Raqib Shaw: Ballads of East and West Solo exhibition at The Museum of Fine Arts, Houston
In his luminous paintings, Raqib Shaw blends Eastern and Western influences to create mesmerizing works of art that merge fable, history, and autobiography.
Born in India in 1974, Shaw spent most of his childhood in the Valley of Kashmir—a beautiful yet long-disputed territory marked by turmoil. On a trip to London in 1993, he fell in love with the Old Master paintings at the National Gallery. He eventually moved to London and has lived there ever since.
Shaw’s mysterious paintings seamlessly combine references to Western art history with Asian ornamental aesthetics and philosophical traditions. Reflecting these intertwined histories, the exhibition’s title—Raqib Shaw: Ballads of East and West—is taken from the Rudyard Kipling poem “The Ballad of East and West.”

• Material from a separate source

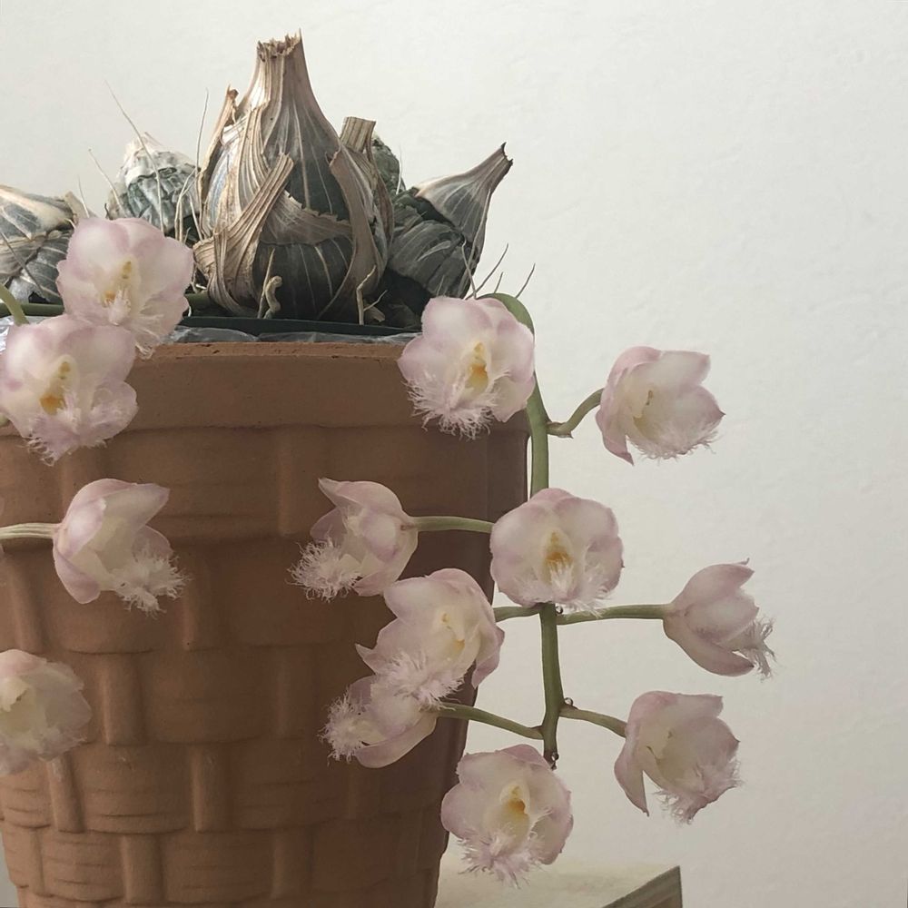 好きな植物は蘭とバラ。野に咲く花、山の花、街路樹も。 自然をモチーフにした現代アートも。
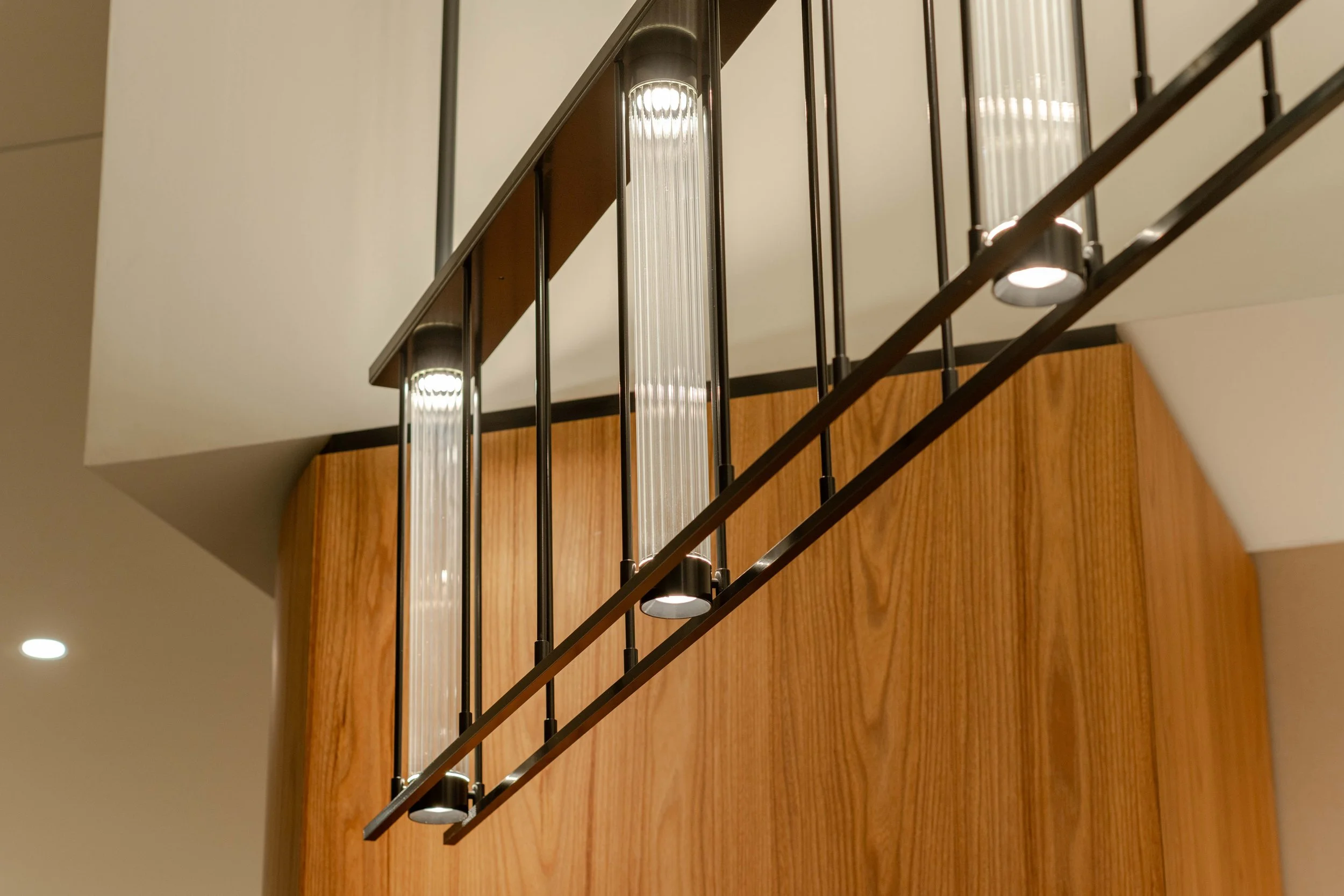 To complement the pendants, Optelma supplied its innovative Keno recessed LED spotlight system. Built into a refined frame system, Keno delivers seamless, flexible illumination with total precision — ensuring consistency and control while remaining discreet within the architecture.

The artist paints with porcupine quills and fine needles to render the precise details of delicate flowers or distant mountains, which are outlined in embossed gold. Jewels, glitter, and semiprecious stones further enhance the opulence of the scenes, beguiling viewers through the iridescent shimmer of their surfaces, even as they sense the sadness that lurks beneath the glamour. Upon closer examination, conflict is present in almost every painting, evoking Kashmir’s turbulent history.